Florind Bardulla

Personal information
- Date of birth: 19 November 1992 (age 33)
- Place of birth: Shkodër, Albania
- Height: 1.71 m (5 ft 7 in)
- Position: Right midfielder

Team information
- Current team: Besëlidhja Lezhë

Youth career
- 2007–2011: Vllaznia Shkodër

Senior career*
- Years: Team / Apps / (Gls)
- 2011–2014: Vllaznia Shkodër / 45 / (0)
- 2014–2015: Teuta Durrës / 6 / (0)
- 2015–2021: Vllaznia Shkodër / 103 / (1)
- 2021–2023: Veleçiku
- 2023–: Besëlidhja Lezhë

International career
- 2010–2012: Albania U19 / 3 / (0)
- 2013–2014: Albania U21 / 2 / (0)

= Florind Bardulla =

Albanian professional footballer

Florind Bardulla (born 19 November 1992) is an Albanian professional footballer who plays as a midfielder for Besëlidhja Lezhë.

==Club career==
A Vllaznia Shkodër product, Bardulla signed his first professional contract ahead of 2011–12 season. He made his competitive debut on 10 September 2011 in team's first match of the league against Laçi, featuring in the second half in a 3–1 convincing home win. Later that month, Bardulla made his first start for the team in another 3–1 home win, this time against his future side Teuta Durrës. He finished his first professional season by making 13 appearances, including 8 in league, only 4 as a starter, as Vllaznia didn't finish more than the 6th place. He also had a secondary role in team's Albanian Cup campaign which ended in the quarter-finals.

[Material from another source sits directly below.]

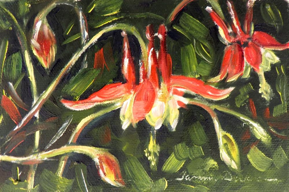 The columbines always remind me of fairy tales and mystic dreams - so fanciful are their blooms! A joy to paint, they take me back to childhood :)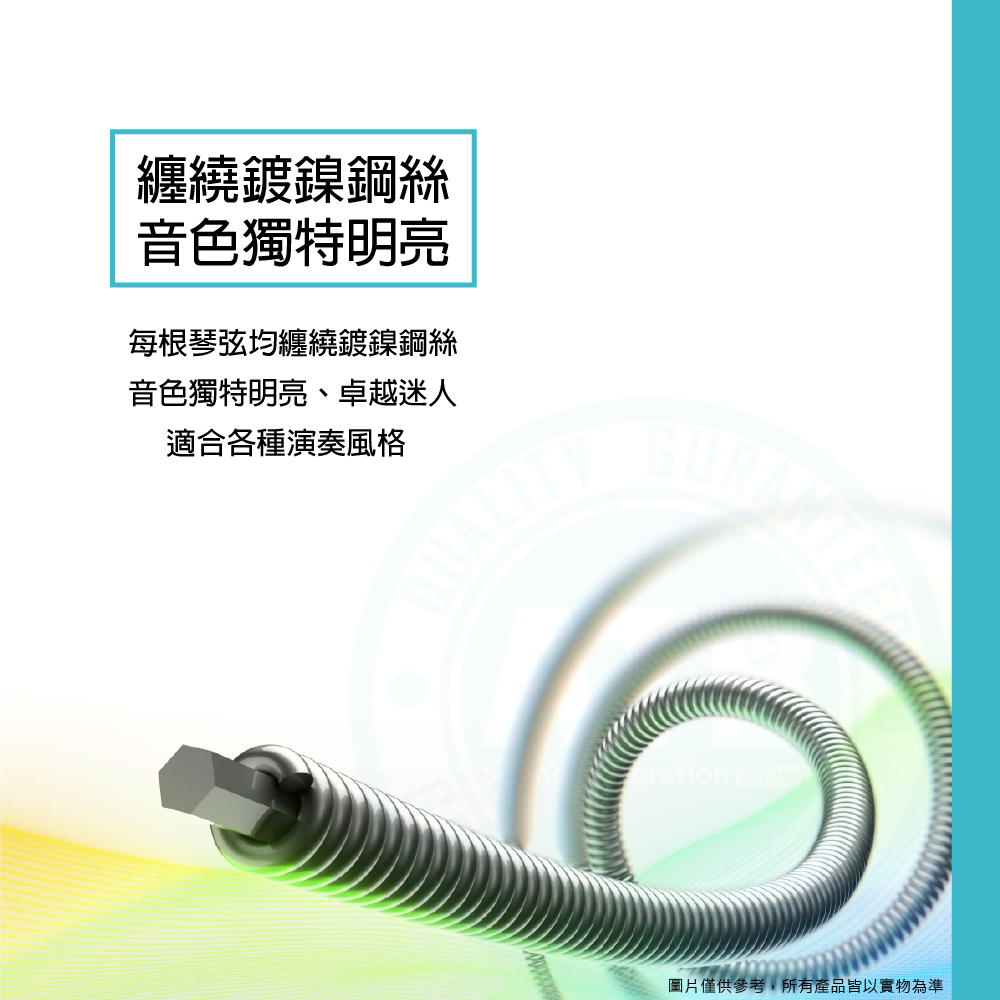 ◆纏繞鍍鎳鋼絲,音色獨特明亮,基音清晰

Bardulla found more space to play in the next season, however, he had to wait until February 2013 to make his first league appearance, featuring 62 minutes as Vllaznia caused an upset by beating Skënderbeu 1–0 in Korçë. He finished his second Vllaznia Shkodër season by making 13 league appearances, in addition 2 cup matches as the club finished the league again at the same position and were eliminated by Shkumbini Peqin in the second round of Albanian Cup.

On 9 August 2017, Bardulla signed a new contract with Vllaznia until June 2019.